Milestone payments are payments that are linked to the contractor achieving a particular stage of work under the contract.

The recent Court of Appeal case of Bennett (Construction) Limited (‘Bennett’) v CIMC MBS Limited (formerly Verbus Systems Ltd (‘Verbus’)) considered whether milestone payments were compliant with the Construction Act. The case concerned the design, supply and installation of 78 prefabricated modular units for a hotel in Woolwich under a JCT Design and Build Sub-Contract, 2011 edition (‘the Contract’). The parties amended the Contract such that the standard interim payment provisions were deleted in their entirety and replaced with the following bespoke milestone payments:

  • Milestone 1 – 20% deposit payable on execution of contract;
  • Milestone 2 – 30% on sign-off of prototype room in China;
  • Milestone 3 – 30% on sign-off of all snagging items in China;
  • Milestone 4 – 10% on sign-off of units in Southampton; and
  • Milestone 5 – 10% on completion of installation and any snagging.

Unfortunately, the parties failed to define the term ‘sign-off’ and a dispute subsequently arose as to when the relevant payments became due. Bennett refused to pay for the units because they had not been ‘signed-off’ due to alleged defects, whereas Verbus argued that the milestone payment provisions did not comply with the requirements of the Construction Act.

The case ended up before the Court of Appeal, who were required to consider two specific issues: (1) whether the milestone payments complied with the Construction Act; and (2) if not, the extent to which the Scheme should be incorporated into the Contract.

The court held that the term ‘sign-off’ should be assessed objectively, such that the payments would become due on the completion of the relevant stage (i.e. it was not necessary for there to be an actual sign-off). He therefore concluded that the Contract did contain an adequate mechanism for determining what payments became due.

Despite this, the judge went on to consider the extent to which the Scheme would have been incorporated into the Contract if the payment milestones had not been an adequate mechanism. He held that the payment provisions in Part II of the Scheme should only be incorporated to the extent necessary and that they should do the ‘least violence’ to the parties’ original bargain. He considered that paragraph 7 of Part II of the Scheme would have been implied into the Contract so that the payments would have become due on the expiry of 7 days following completion of the milestone.

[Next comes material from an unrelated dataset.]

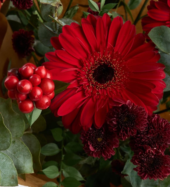 Kışın dinginliğini, yeni yılın içe dönük sevincini taşıyan bir kompozisyon. Kokina tanelerinin kadife kırmızısı, gerberaların canlı ışığı ve bordo top krizantemlerin derin tonu; okaliptusun serin nefesiyle buluşuyor. Kraft kâğıdın dokusu ve kırmızı kurdele, bir armağan ritüelinin zarif son cümlesi gibi.

This case demonstrates the importance of ensuring that the requirements of each milestone payment are clearly defined to reduce the possibility of having to resort to the Scheme to imply terms to provide an adequate payment mechanism. Proper drafting should also help to avoid disputes arising in the first place. It also confirms that the Courts will only imply the terms of the Scheme where necessary to make the contract compliant with the Construction Act, rather than a wholesale replacement of the payment provisions.